The 2016 presidential election is shaping up to be another close race, just like the last four. From 2000 to 2012, candidates from both major parties received between 45 and 53 percent of the vote.
Historically, this is a narrow range, not seen since 1880-1892. This suggests something close to parity between two highly competitive parties.
Polls for the 2016 race, however, suggest strikingly different results. One of them would be a nightmare for Republicans. The second would be a nightmare for Democrats.
This column discusses the Republican nightmare (the following section discusses the Democrat nightmare). In this scenario, the Democratic nominee is, as widely expected, Hillary Clinton.
This assumes she hasn’t faced any significant turbulence in winning the nomination – a plausible extrapolation from current polls that show her having a much larger lead over other Democrats.
A plain extrapolation from current election polls also looks very good for her.
Compared to various possible Republican opponents – in alphabetical order: Jeb Bush, Chris Christie, Ted Cruz, Mike Huckabee, Rand Paul, Paul Ryan – Clinton averages between 50 and 52 percent of the vote Real clear policy averages in recent polls, while the Republican average is 38 to 42 percent.
It is significant to take into account that neither of these Republicans is well known across the country. It is reasonable to expect that the Republican candidate will perform better if he runs a competent campaign.
But Clinton is doing something in these polls that she can’t do to Democratic House candidates and, to a lesser extent, Democratic Senate candidates: She’s outpacing President Obama’s job approval rating.

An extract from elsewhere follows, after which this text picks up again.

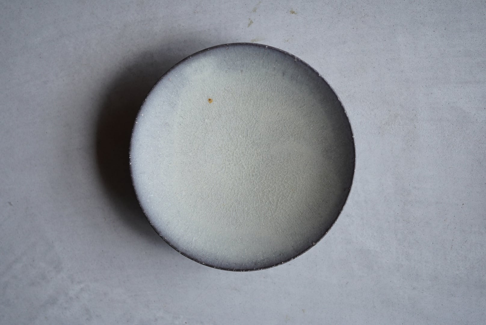 霧の中に輪郭が現れたかのような、柔らかい釉溜まりが優しい印象の平皿です。
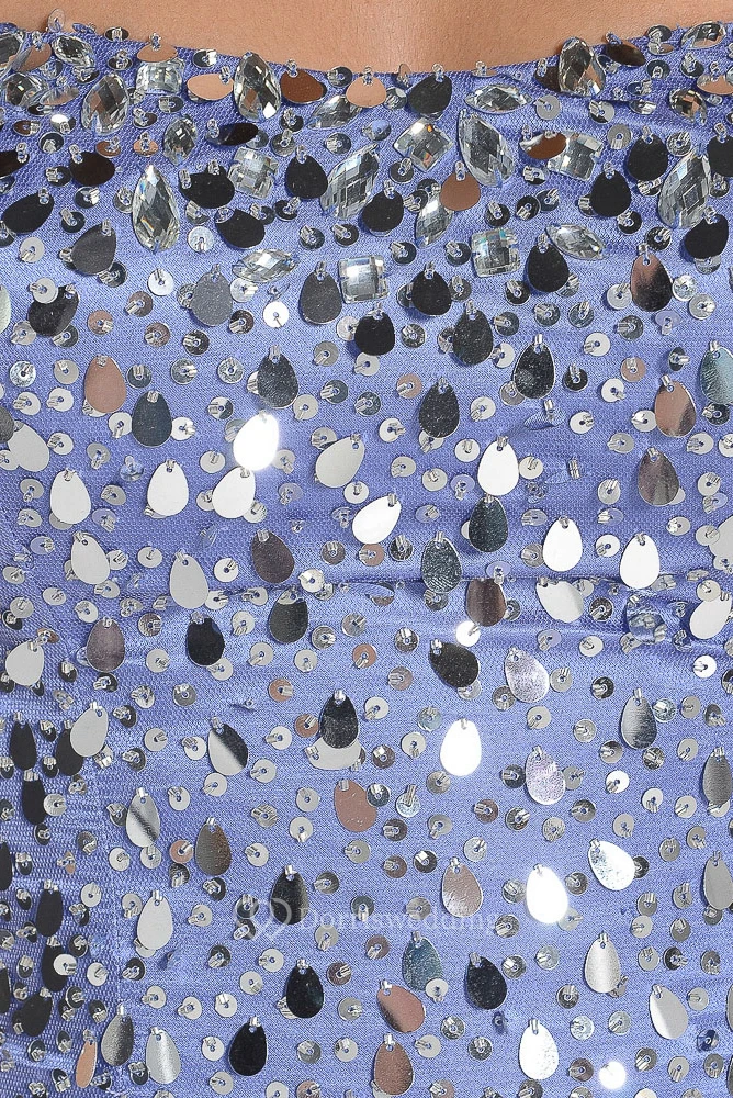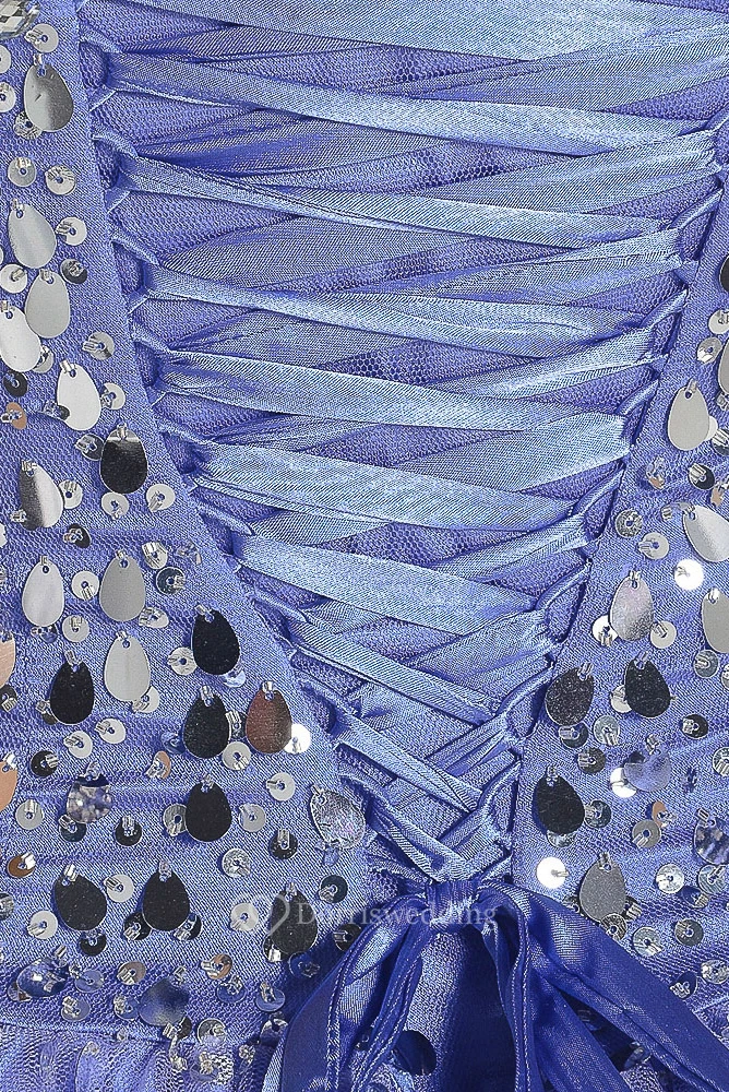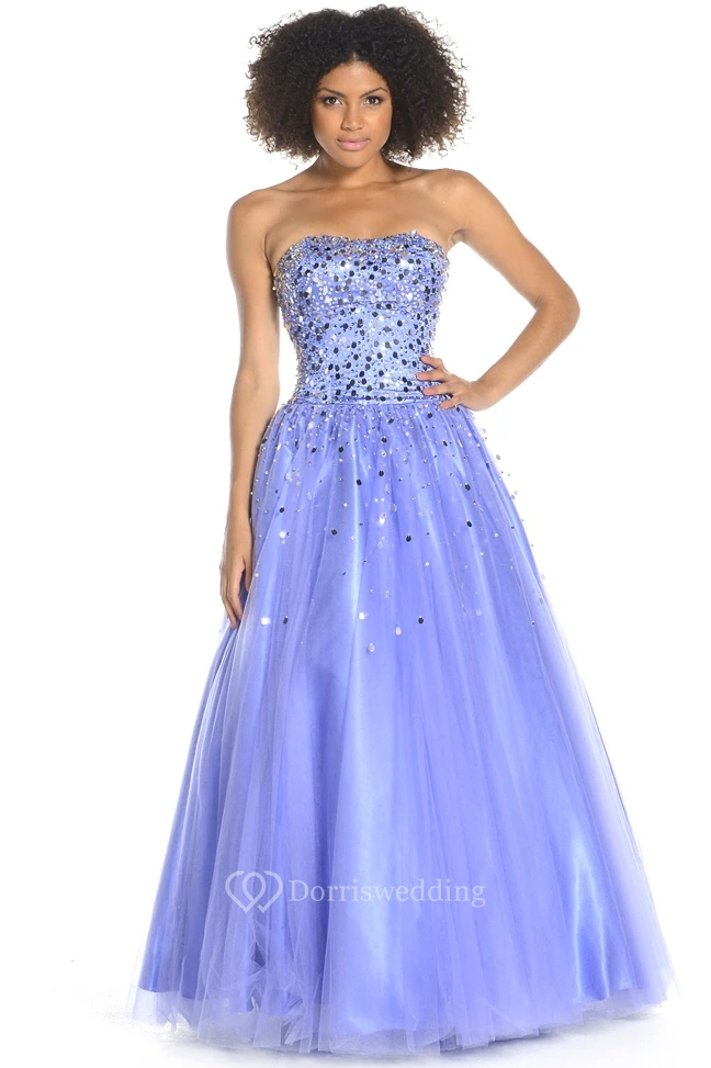 A-Line Maxi Strapless Sequined Tulle Prom Dress With Lace-Up

That rating is currently at 44 percent, well below Clinton’s average of 51 percent in national polls.
Clinton overtook Obama, although she should also be considered a supporter of the unpopular Obamacare program. His current negative assessments of foreign policy do not appear to be hurting her, perhaps because he received positive ratings on the issue during his first term, when she was secretary of state.
Clinton’s standing appears to reflect less current assessments of Obama and more rosy retrospective assessments of Bill Clinton’s presidency. Voters may not want a third Obama term, but they may want a third Clinton term.
When you look at the relatively diminutive number of 2016 statewide polls, you’ll find Clinton leading Republicans by double digits in the three states of Florida (29 electoral votes), Ohio (18) and Pennsylvania (20). , each of whom voted for Obama only by a diminutive number in 2012.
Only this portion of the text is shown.